=== Exercise materials ===

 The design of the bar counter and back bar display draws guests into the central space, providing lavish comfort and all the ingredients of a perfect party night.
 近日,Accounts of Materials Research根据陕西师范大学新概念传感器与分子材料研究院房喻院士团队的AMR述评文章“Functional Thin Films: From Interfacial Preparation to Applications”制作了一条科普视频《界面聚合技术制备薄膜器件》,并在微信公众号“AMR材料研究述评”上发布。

===
=== Exercise materials ===

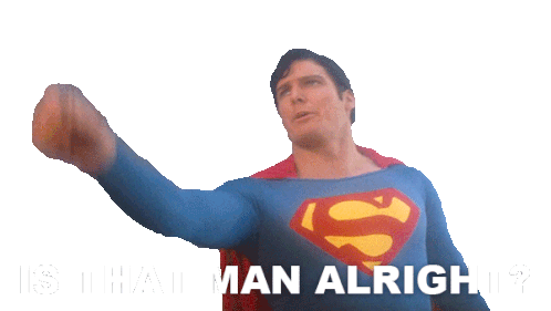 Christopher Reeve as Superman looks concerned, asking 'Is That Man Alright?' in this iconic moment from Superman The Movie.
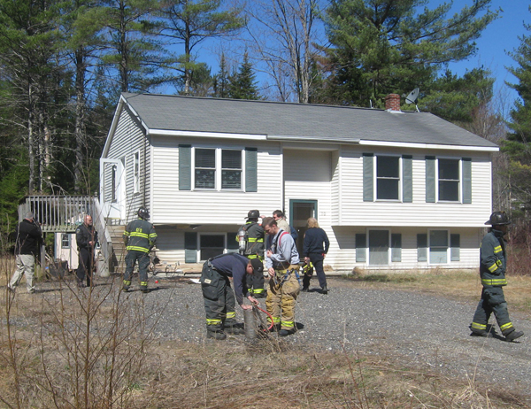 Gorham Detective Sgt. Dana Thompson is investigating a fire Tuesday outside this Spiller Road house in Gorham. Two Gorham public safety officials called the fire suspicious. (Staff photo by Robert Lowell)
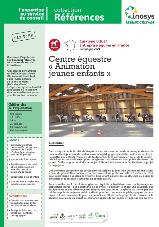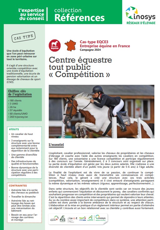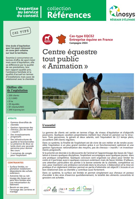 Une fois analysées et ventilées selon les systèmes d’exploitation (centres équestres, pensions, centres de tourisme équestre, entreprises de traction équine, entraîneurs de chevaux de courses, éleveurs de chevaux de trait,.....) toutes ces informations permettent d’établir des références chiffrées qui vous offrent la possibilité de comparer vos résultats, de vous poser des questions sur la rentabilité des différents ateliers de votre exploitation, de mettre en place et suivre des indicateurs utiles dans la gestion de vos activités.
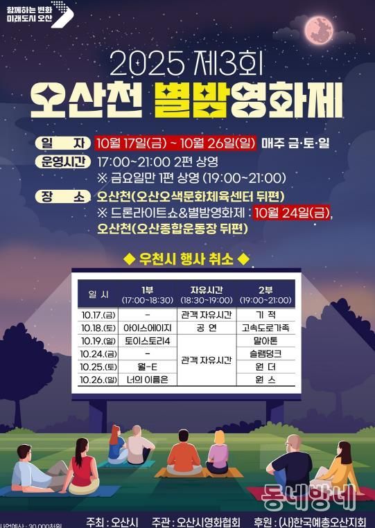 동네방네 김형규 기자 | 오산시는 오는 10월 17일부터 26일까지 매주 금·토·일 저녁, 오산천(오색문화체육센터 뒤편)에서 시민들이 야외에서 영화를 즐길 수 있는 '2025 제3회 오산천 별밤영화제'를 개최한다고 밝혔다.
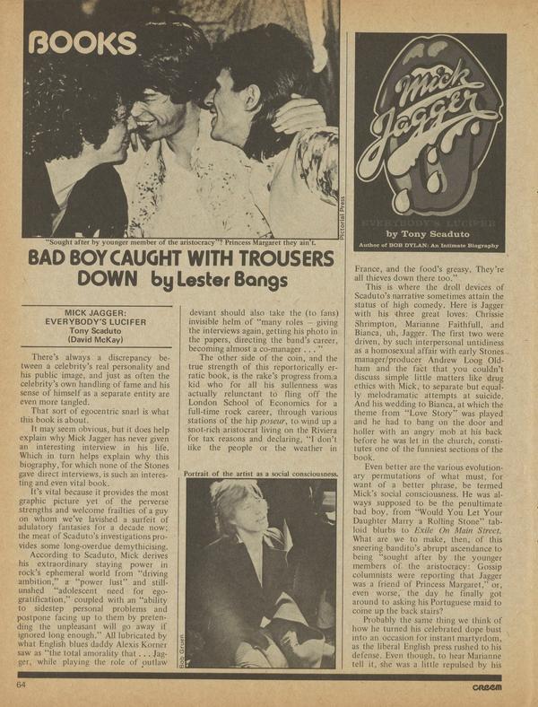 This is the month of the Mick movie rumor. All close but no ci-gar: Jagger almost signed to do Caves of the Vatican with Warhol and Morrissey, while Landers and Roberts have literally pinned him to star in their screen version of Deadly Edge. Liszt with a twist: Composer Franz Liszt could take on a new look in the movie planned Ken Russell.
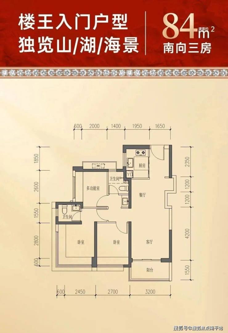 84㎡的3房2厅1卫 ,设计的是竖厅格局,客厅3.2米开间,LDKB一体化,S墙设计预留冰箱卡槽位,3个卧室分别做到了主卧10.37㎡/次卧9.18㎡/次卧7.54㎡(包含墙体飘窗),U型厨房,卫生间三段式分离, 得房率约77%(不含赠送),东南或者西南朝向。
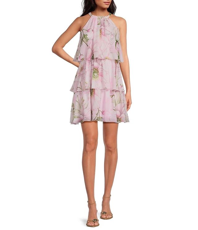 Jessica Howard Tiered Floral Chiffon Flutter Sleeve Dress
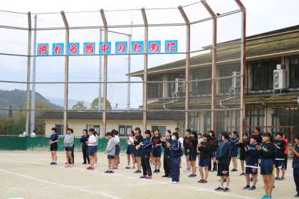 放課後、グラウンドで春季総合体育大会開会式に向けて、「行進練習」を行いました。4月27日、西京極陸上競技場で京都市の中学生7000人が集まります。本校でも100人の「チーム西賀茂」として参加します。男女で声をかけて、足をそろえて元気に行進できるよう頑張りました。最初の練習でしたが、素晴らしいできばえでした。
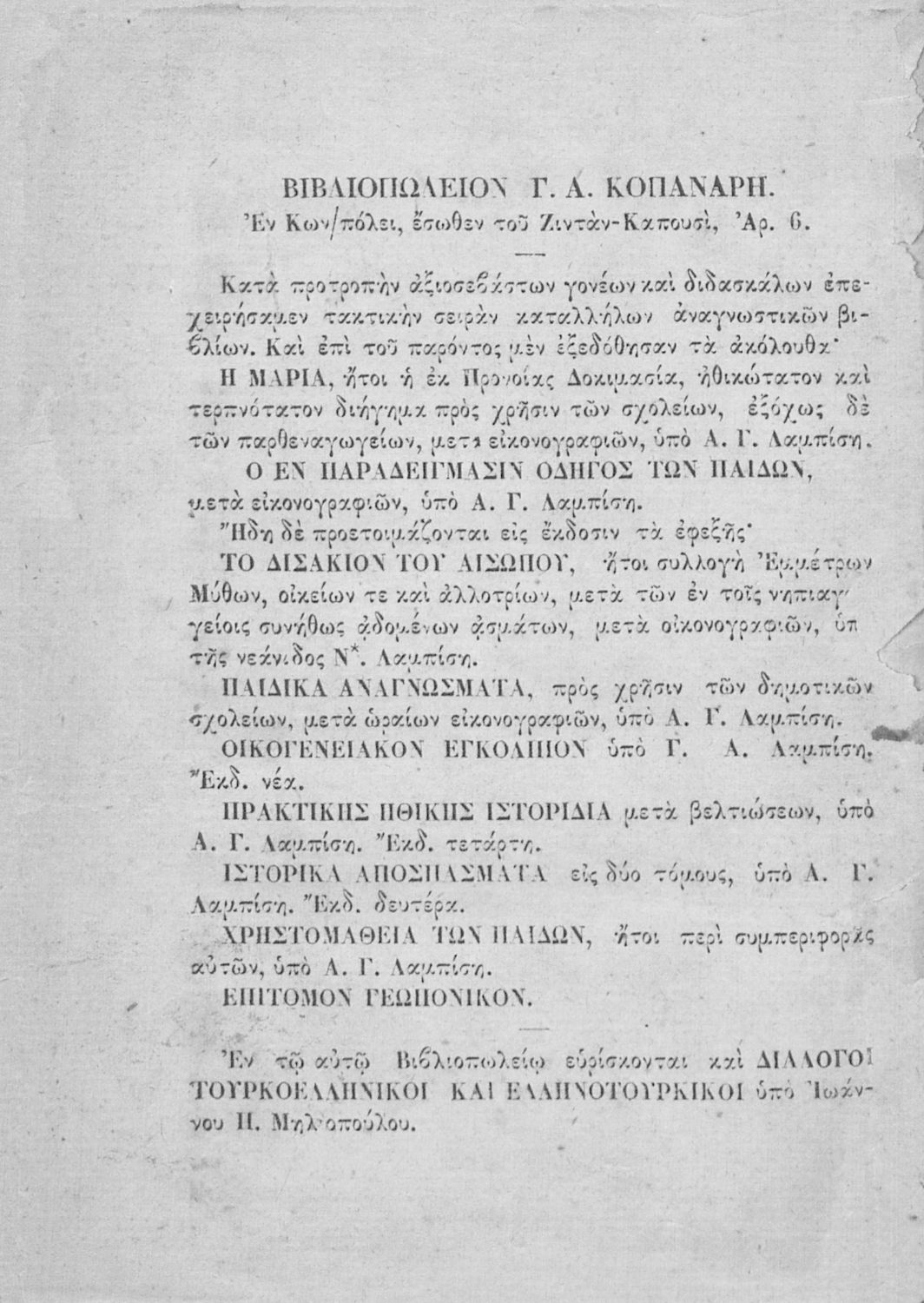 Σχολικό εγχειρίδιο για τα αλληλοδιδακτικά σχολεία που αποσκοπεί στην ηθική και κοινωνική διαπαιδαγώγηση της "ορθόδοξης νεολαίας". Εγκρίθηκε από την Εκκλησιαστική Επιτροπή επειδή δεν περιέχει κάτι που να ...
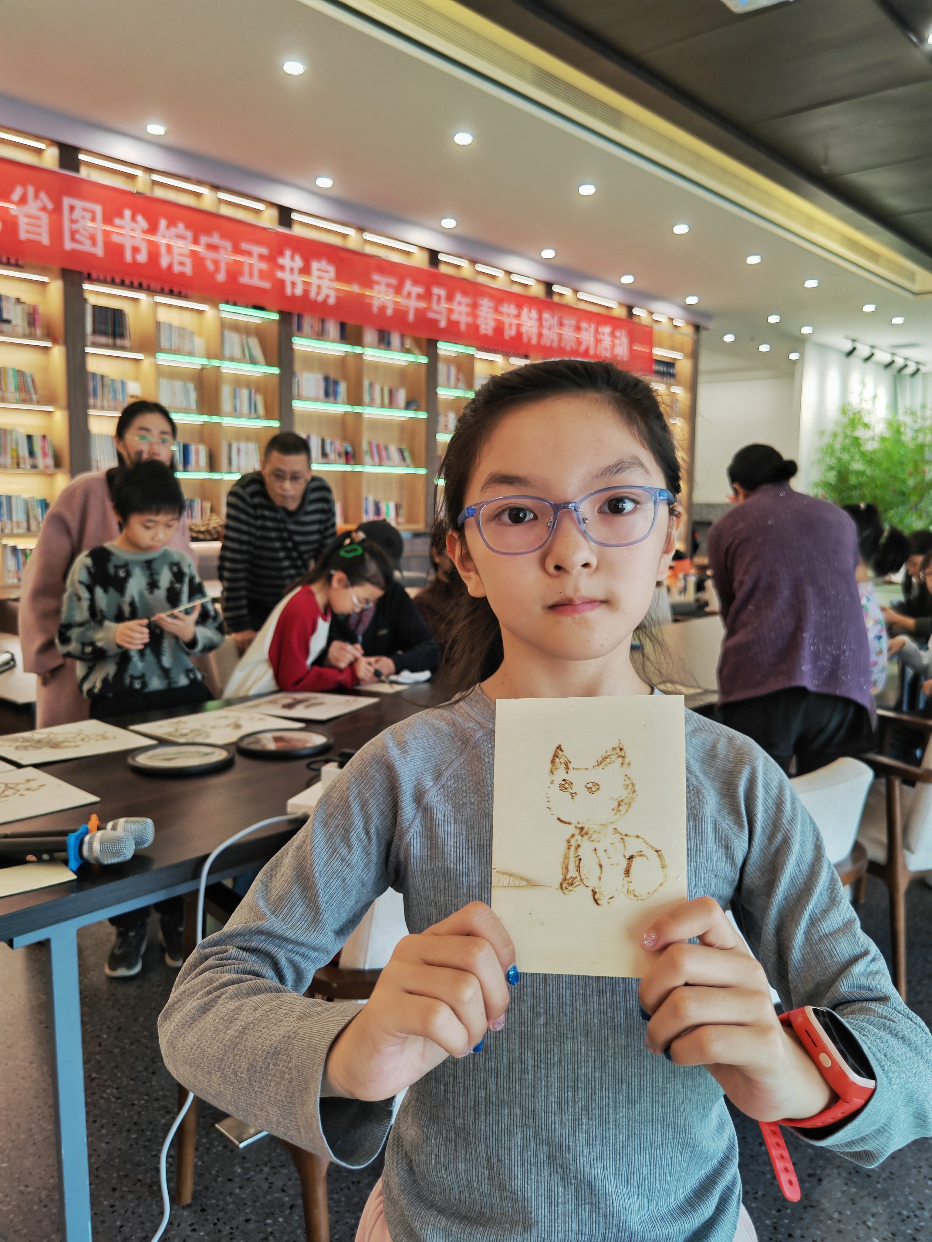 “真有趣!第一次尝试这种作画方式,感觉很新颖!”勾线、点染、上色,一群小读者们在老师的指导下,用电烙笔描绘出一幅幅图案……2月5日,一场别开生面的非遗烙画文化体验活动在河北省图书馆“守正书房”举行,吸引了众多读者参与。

===
=== Exercise materials ===

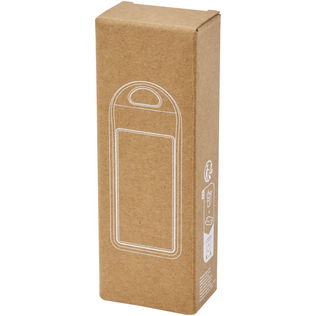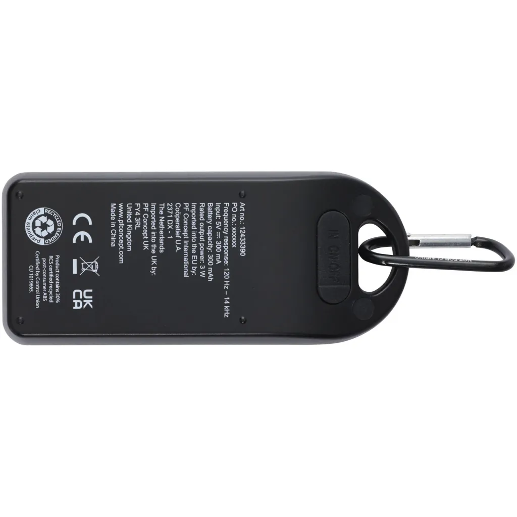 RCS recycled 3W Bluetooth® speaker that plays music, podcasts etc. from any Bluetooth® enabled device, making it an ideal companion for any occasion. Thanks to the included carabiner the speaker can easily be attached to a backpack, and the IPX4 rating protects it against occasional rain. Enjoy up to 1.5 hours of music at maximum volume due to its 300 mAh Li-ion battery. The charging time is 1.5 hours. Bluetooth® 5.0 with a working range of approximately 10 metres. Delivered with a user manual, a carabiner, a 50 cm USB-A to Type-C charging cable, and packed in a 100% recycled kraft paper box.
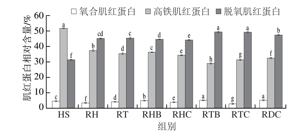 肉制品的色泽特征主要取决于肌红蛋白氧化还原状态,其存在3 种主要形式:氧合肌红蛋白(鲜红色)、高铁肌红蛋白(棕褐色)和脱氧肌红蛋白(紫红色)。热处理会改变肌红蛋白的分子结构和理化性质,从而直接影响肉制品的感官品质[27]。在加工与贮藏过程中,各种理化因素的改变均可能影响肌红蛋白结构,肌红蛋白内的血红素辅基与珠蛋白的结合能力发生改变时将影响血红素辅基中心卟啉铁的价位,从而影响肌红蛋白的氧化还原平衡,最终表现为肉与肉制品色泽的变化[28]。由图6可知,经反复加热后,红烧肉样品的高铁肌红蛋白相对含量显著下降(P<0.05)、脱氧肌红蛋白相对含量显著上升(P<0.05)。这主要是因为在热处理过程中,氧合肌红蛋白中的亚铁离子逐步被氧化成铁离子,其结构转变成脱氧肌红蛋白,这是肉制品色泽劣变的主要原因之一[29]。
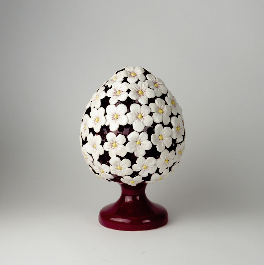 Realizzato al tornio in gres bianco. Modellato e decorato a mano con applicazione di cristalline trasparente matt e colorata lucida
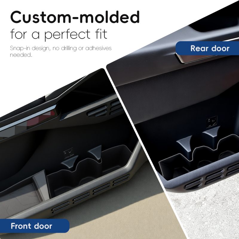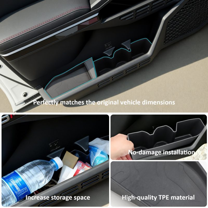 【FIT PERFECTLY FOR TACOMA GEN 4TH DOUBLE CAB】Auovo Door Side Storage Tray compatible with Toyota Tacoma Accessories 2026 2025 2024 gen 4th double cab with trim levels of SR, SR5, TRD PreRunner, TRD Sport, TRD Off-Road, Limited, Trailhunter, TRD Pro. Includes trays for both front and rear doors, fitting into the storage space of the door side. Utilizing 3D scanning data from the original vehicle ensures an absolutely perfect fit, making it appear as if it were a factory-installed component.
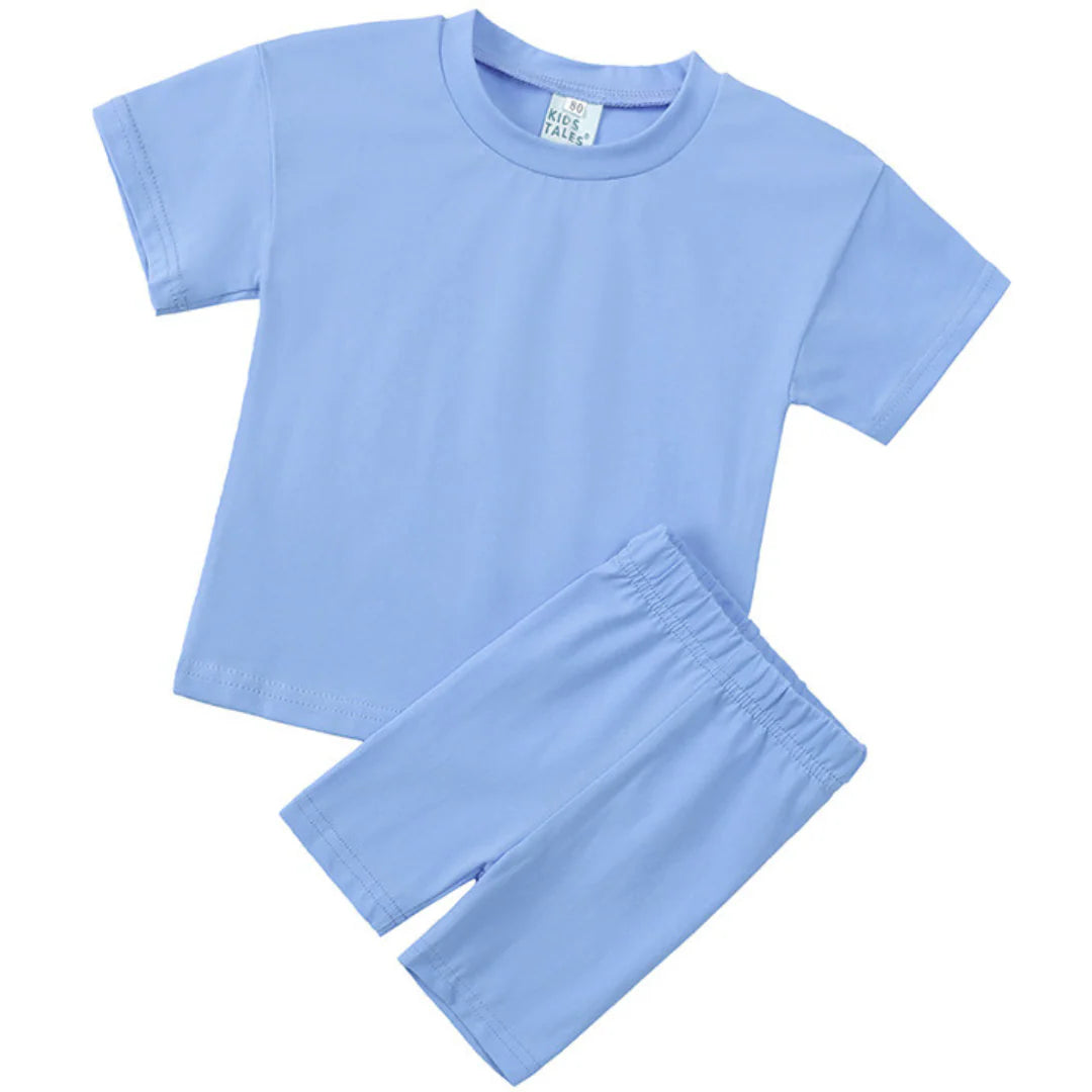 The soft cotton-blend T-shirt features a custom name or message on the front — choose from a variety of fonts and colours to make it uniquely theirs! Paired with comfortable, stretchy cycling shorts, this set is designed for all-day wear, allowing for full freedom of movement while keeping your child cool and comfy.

===

Give only the lines from the one holding "The design of" through the one holding "近日,Accounts of Materials", each restated exactly as it appears above.

 The design of the bar counter and back bar display draws guests into the central space, providing lavish comfort and all the ingredients of a perfect party night.
 近日,Accounts of Materials Research根据陕西师范大学新概念传感器与分子材料研究院房喻院士团队的AMR述评文章“Functional Thin Films: From Interfacial Preparation to Applications”制作了一条科普视频《界面聚合技术制备薄膜器件》,并在微信公众号“AMR材料研究述评”上发布。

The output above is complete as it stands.